■ **TASK ITEM**
Print verbatim the lines from the beginning of the entries through the line containing "39. Cloning 71", both ends included. Pictures should be left out.

■ **DATA TO EXAMINE**
--
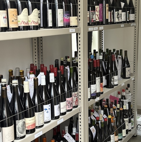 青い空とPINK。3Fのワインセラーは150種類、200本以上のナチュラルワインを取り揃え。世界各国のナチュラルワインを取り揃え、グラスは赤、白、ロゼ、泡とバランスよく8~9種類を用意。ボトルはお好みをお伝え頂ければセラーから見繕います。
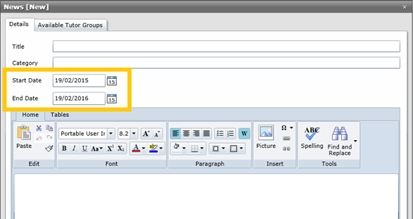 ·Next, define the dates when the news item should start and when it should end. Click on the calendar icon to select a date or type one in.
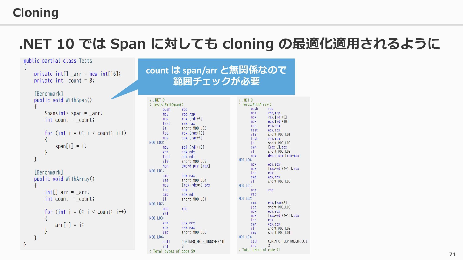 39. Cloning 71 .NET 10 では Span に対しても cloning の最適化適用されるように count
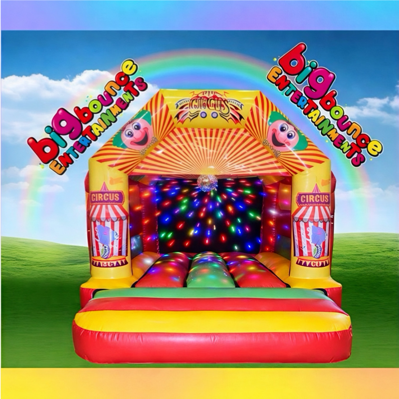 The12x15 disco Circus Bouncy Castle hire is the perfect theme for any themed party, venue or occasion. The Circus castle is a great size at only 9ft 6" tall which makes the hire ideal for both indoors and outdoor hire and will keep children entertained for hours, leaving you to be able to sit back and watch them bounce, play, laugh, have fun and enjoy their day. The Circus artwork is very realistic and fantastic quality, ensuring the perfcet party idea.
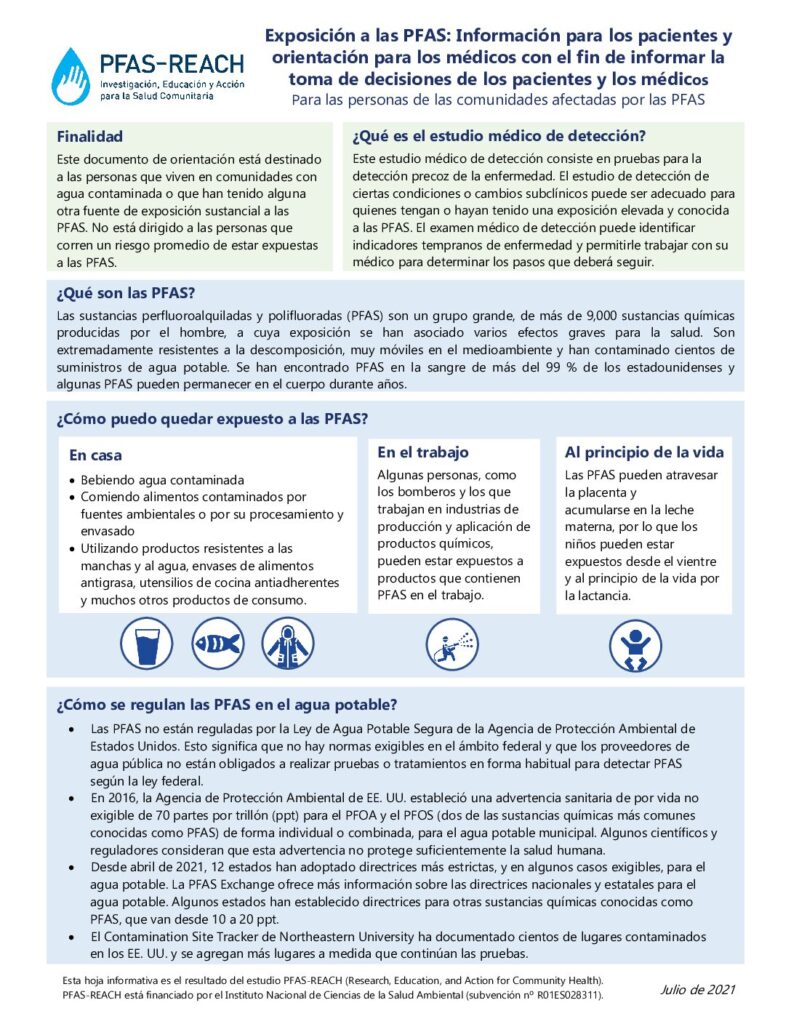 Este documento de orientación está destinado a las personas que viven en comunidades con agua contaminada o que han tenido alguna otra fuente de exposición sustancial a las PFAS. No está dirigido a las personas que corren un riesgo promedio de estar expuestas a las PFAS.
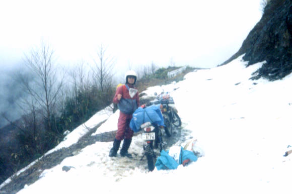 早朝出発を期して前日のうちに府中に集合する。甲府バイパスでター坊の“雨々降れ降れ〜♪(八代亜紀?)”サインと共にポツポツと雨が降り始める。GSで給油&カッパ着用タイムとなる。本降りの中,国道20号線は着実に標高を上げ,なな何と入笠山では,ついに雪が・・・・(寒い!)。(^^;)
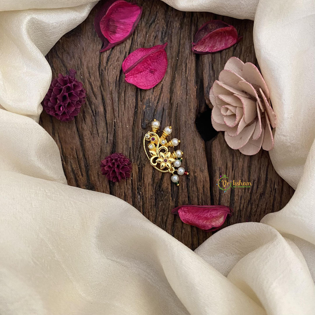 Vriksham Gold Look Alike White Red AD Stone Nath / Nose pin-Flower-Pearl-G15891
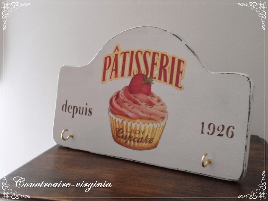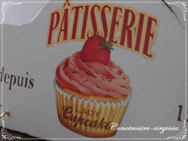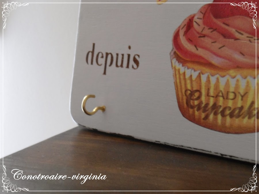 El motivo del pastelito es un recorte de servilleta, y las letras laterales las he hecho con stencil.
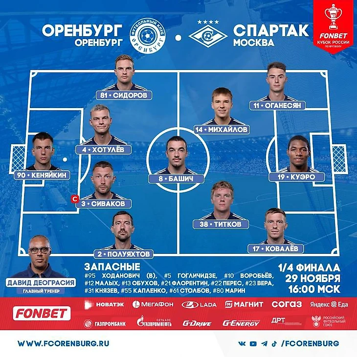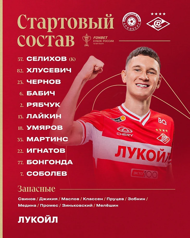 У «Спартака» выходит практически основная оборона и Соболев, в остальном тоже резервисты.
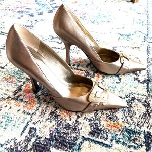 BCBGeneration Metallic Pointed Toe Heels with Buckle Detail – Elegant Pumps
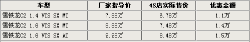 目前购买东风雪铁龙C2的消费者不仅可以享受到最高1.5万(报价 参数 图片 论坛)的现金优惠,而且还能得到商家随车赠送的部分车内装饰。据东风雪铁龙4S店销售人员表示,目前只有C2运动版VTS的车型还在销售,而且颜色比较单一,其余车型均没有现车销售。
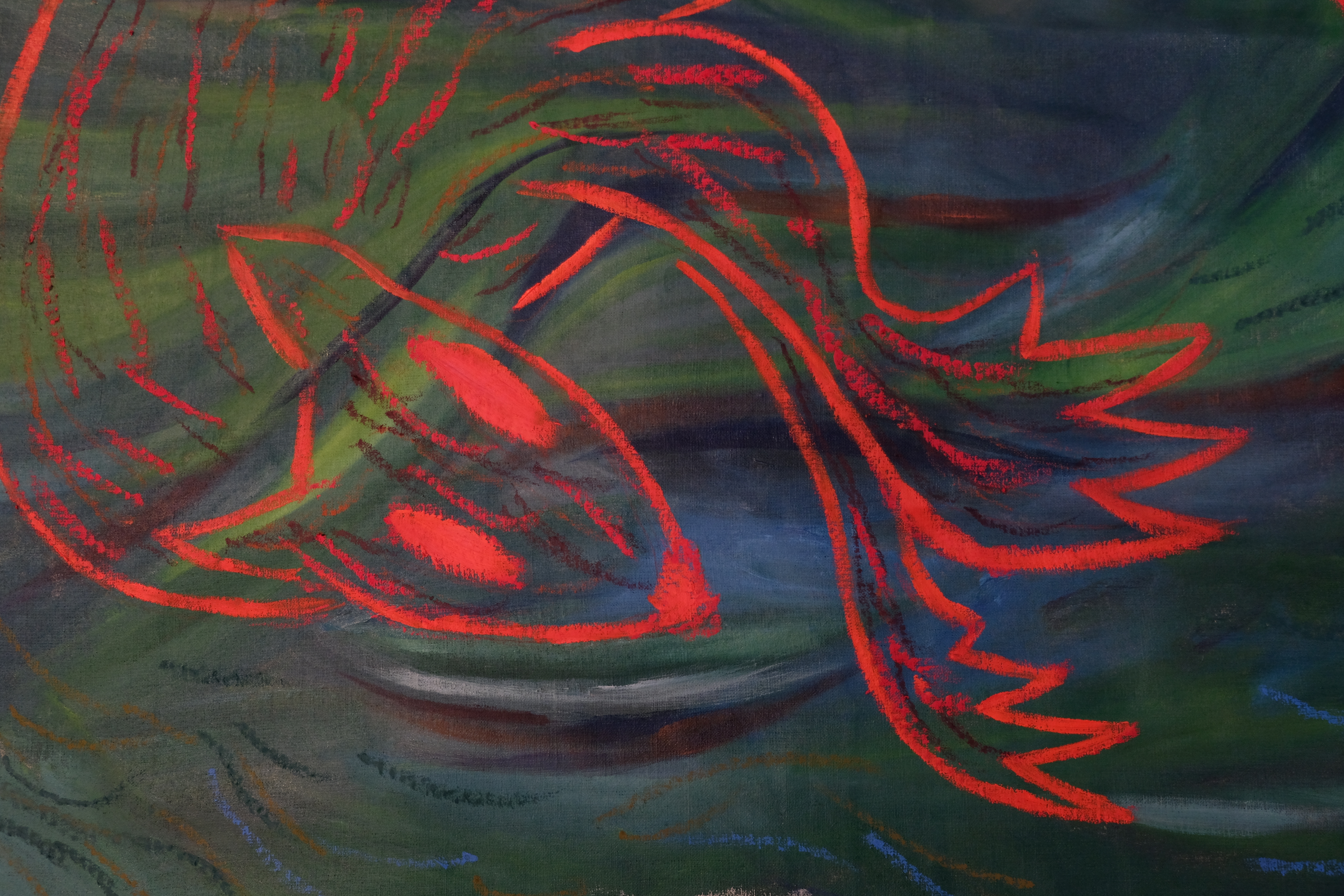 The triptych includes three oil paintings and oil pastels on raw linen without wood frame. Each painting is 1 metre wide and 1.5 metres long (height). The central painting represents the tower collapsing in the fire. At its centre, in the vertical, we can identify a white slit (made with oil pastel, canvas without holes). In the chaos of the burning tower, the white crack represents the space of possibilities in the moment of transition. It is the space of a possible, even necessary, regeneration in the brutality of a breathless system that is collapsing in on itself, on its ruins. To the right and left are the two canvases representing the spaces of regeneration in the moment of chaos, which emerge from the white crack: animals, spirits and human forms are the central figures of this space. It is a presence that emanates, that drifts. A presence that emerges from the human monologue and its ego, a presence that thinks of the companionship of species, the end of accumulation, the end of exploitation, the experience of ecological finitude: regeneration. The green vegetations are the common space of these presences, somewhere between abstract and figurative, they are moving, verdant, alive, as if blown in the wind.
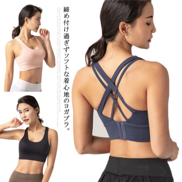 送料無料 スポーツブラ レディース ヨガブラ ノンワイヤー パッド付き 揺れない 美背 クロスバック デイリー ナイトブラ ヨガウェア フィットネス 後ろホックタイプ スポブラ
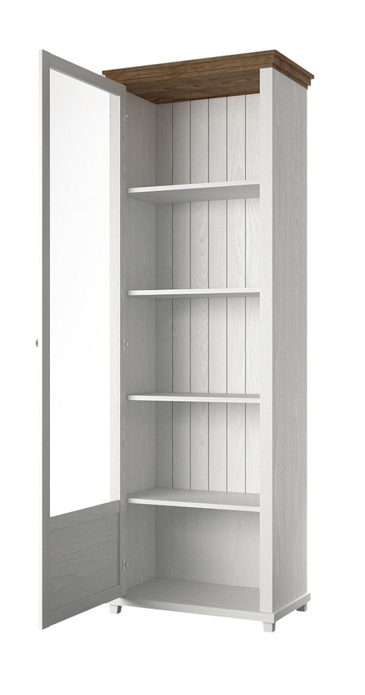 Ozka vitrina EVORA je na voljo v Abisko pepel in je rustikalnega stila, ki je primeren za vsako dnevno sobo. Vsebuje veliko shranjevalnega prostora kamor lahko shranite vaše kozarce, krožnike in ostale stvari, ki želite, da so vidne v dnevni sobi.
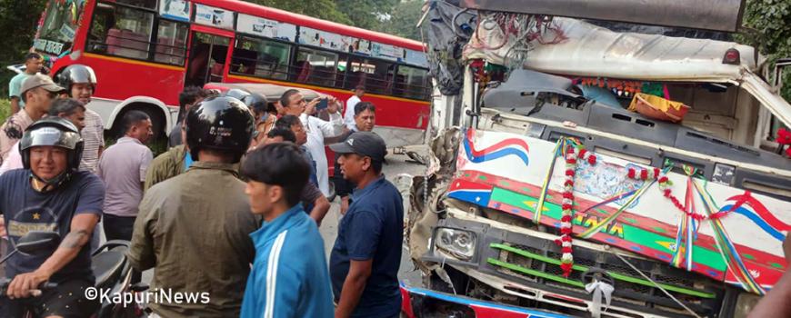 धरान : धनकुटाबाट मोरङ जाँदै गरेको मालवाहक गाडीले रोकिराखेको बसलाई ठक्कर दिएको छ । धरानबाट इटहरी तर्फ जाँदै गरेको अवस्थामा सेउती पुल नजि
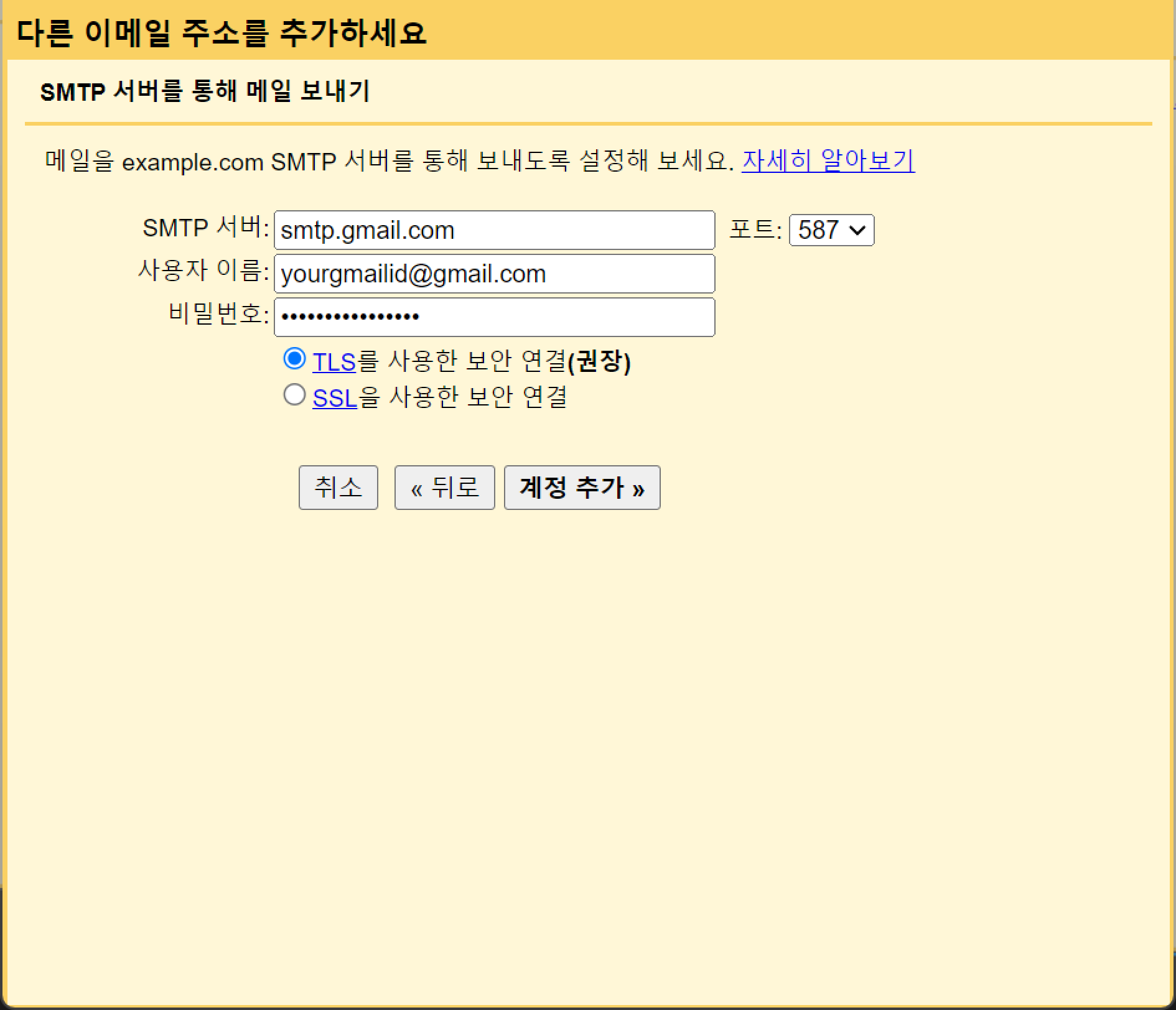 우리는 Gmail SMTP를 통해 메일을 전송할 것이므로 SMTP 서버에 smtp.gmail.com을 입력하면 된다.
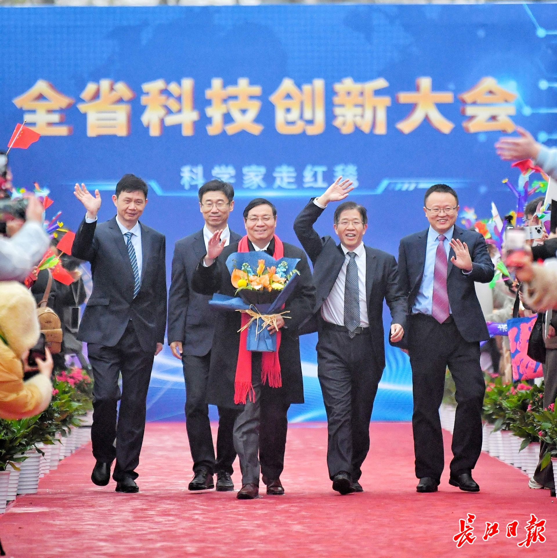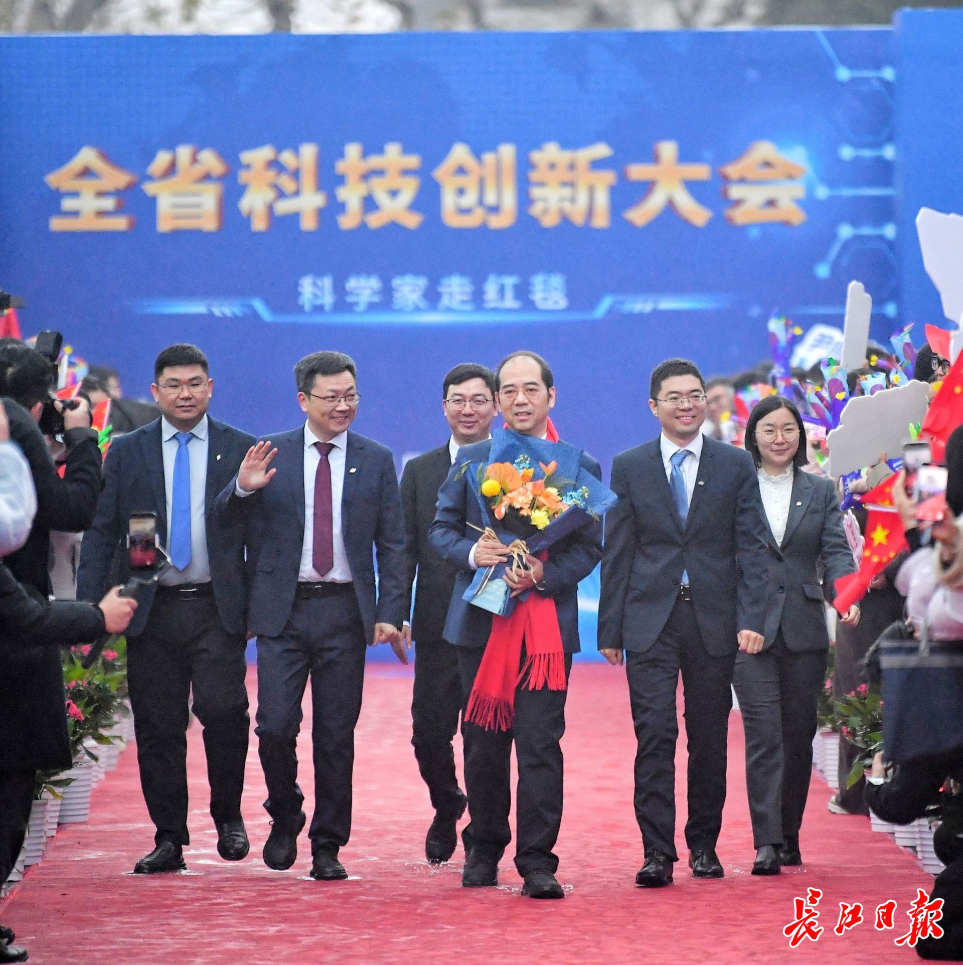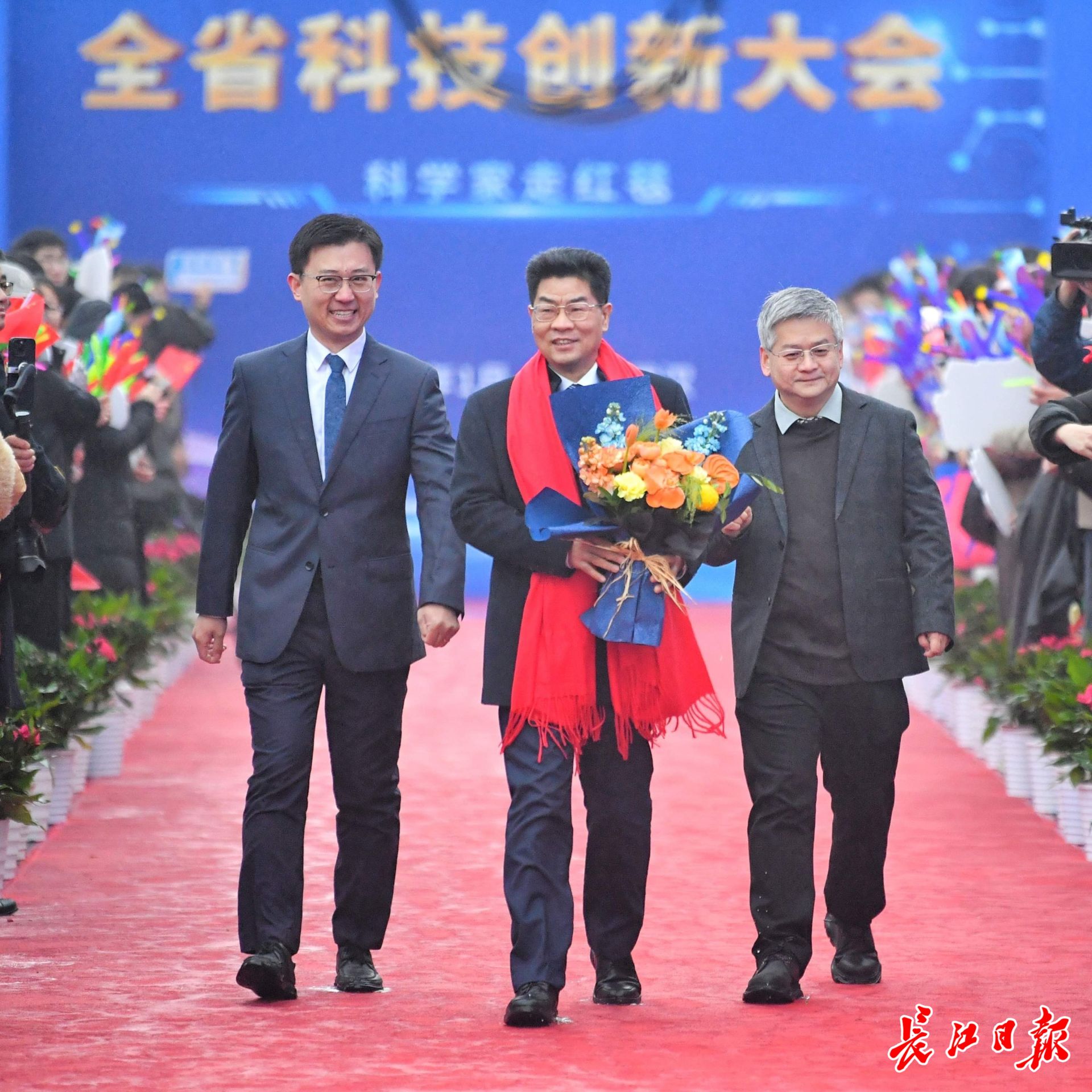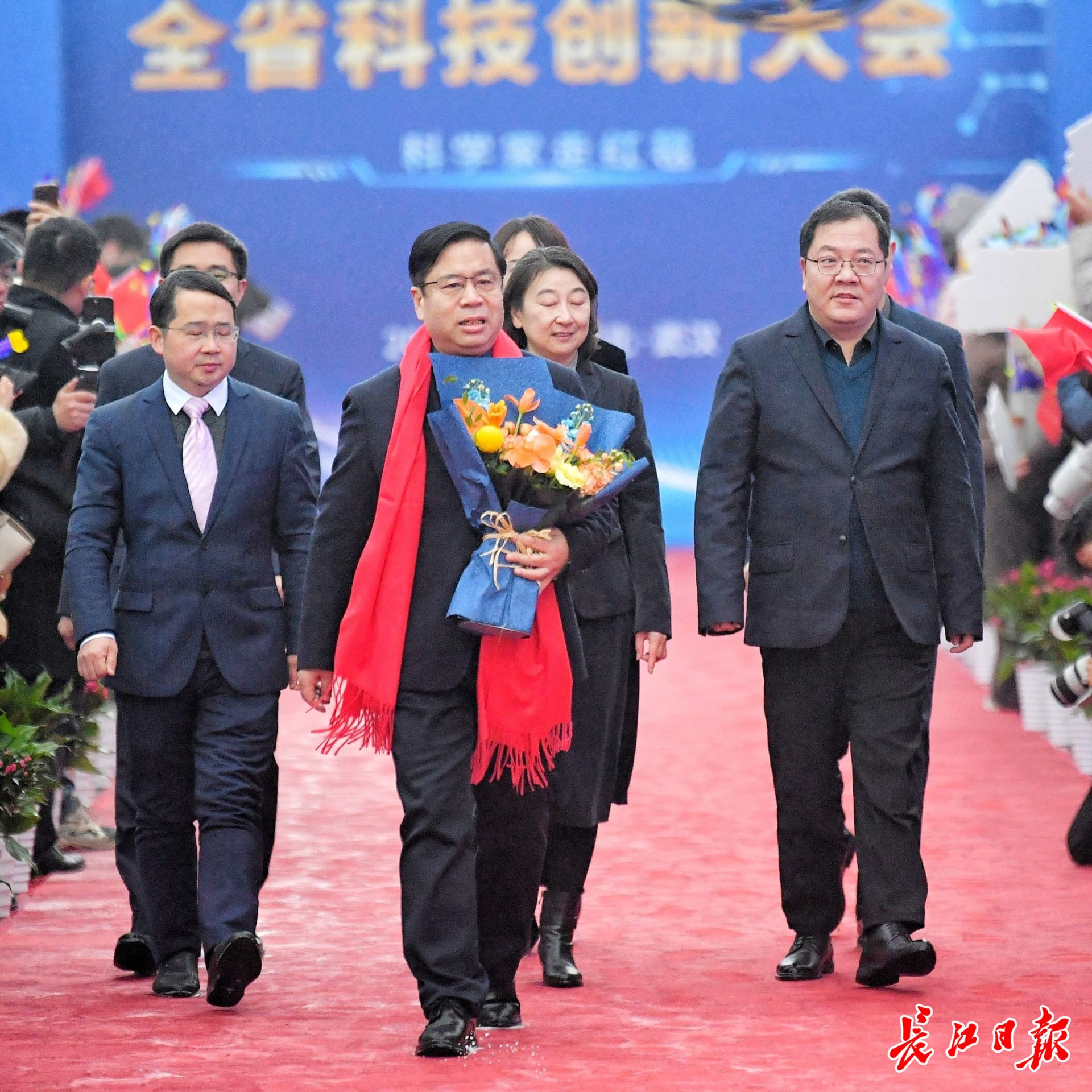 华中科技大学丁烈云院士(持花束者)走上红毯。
--
■ **RESPONSE TO THE EXERCISE**
 青い空とPINK。3Fのワインセラーは150種類、200本以上のナチュラルワインを取り揃え。世界各国のナチュラルワインを取り揃え、グラスは赤、白、ロゼ、泡とバランスよく8~9種類を用意。ボトルはお好みをお伝え頂ければセラーから見繕います。
 ·Next, define the dates when the news item should start and when it should end. Click on the calendar icon to select a date or type one in.
 39. Cloning 71 .NET 10 では Span に対しても cloning の最適化適用されるように count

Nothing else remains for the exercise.